What you should do: Type the listing below out again exactly. No images.

Dataset extract:
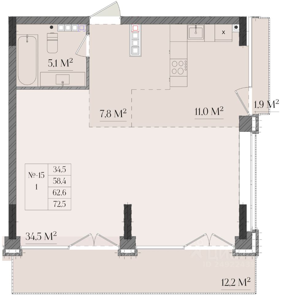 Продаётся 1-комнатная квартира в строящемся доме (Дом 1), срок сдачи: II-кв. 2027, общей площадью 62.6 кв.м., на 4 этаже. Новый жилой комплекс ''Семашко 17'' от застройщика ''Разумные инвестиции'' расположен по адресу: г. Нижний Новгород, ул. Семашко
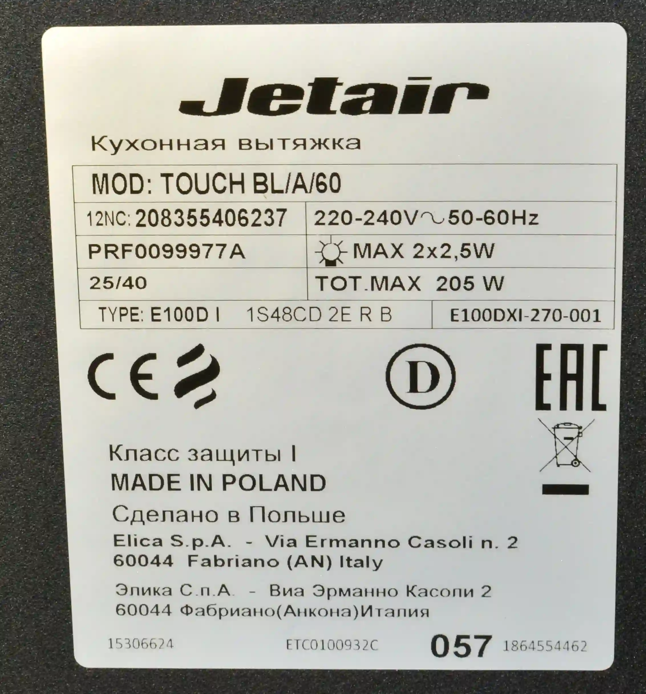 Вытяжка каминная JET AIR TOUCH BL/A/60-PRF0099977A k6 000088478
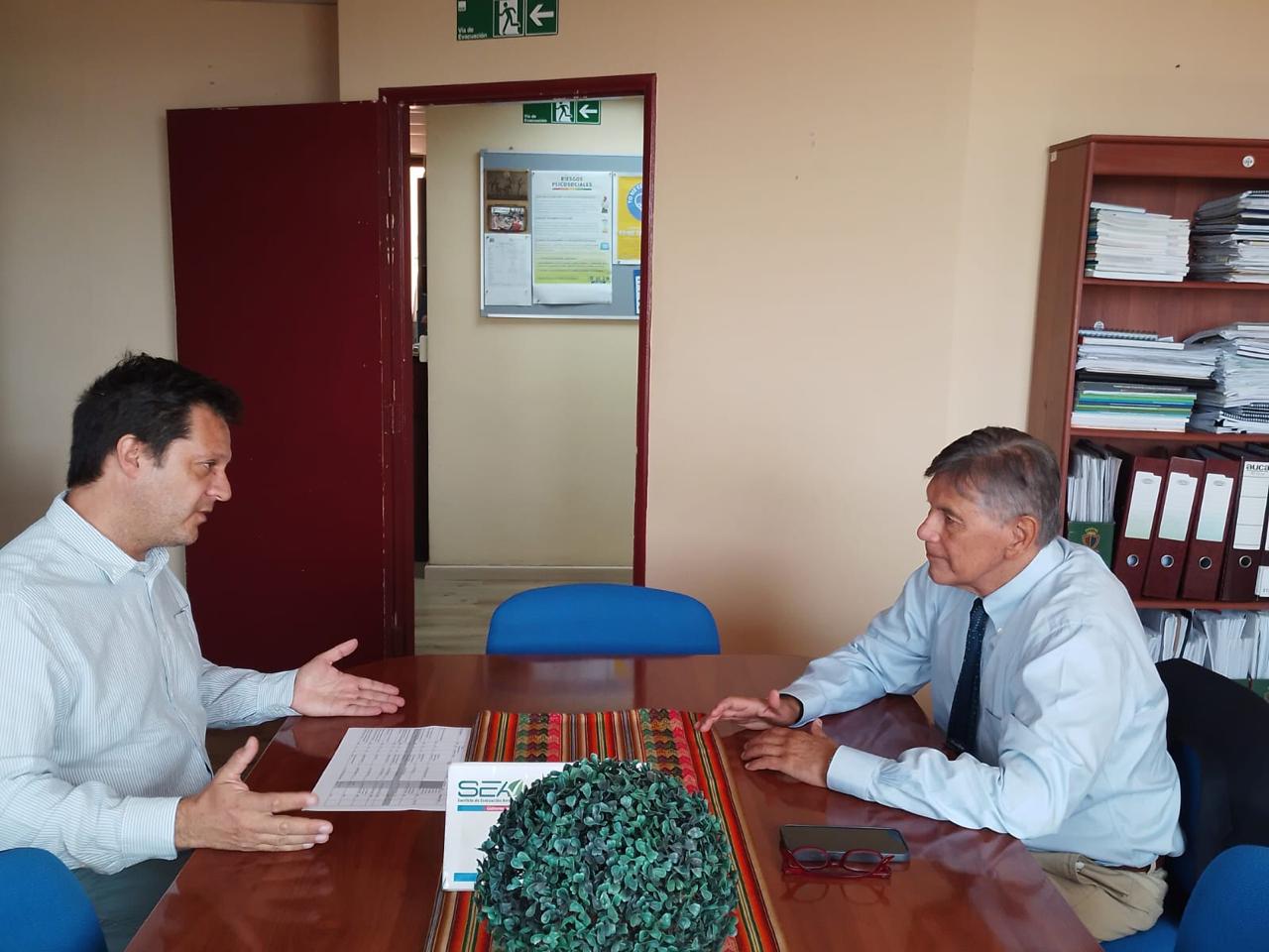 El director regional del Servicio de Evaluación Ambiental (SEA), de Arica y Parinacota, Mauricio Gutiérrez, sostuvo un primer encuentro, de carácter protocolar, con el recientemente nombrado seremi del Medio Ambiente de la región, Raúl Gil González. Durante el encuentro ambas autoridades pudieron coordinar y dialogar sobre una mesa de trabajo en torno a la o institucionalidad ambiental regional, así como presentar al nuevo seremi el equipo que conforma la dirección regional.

Exercise response:
 Продаётся 1-комнатная квартира в строящемся доме (Дом 1), срок сдачи: II-кв. 2027, общей площадью 62.6 кв.м., на 4 этаже. Новый жилой комплекс ''Семашко 17'' от застройщика ''Разумные инвестиции'' расположен по адресу: г. Нижний Новгород, ул. Семашко
 Вытяжка каминная JET AIR TOUCH BL/A/60-PRF0099977A k6 000088478
 El director regional del Servicio de Evaluación Ambiental (SEA), de Arica y Parinacota, Mauricio Gutiérrez, sostuvo un primer encuentro, de carácter protocolar, con el recientemente nombrado seremi del Medio Ambiente de la región, Raúl Gil González. Durante el encuentro ambas autoridades pudieron coordinar y dialogar sobre una mesa de trabajo en torno a la o institucionalidad ambiental regional, así como presentar al nuevo seremi el equipo que conforma la dirección regional.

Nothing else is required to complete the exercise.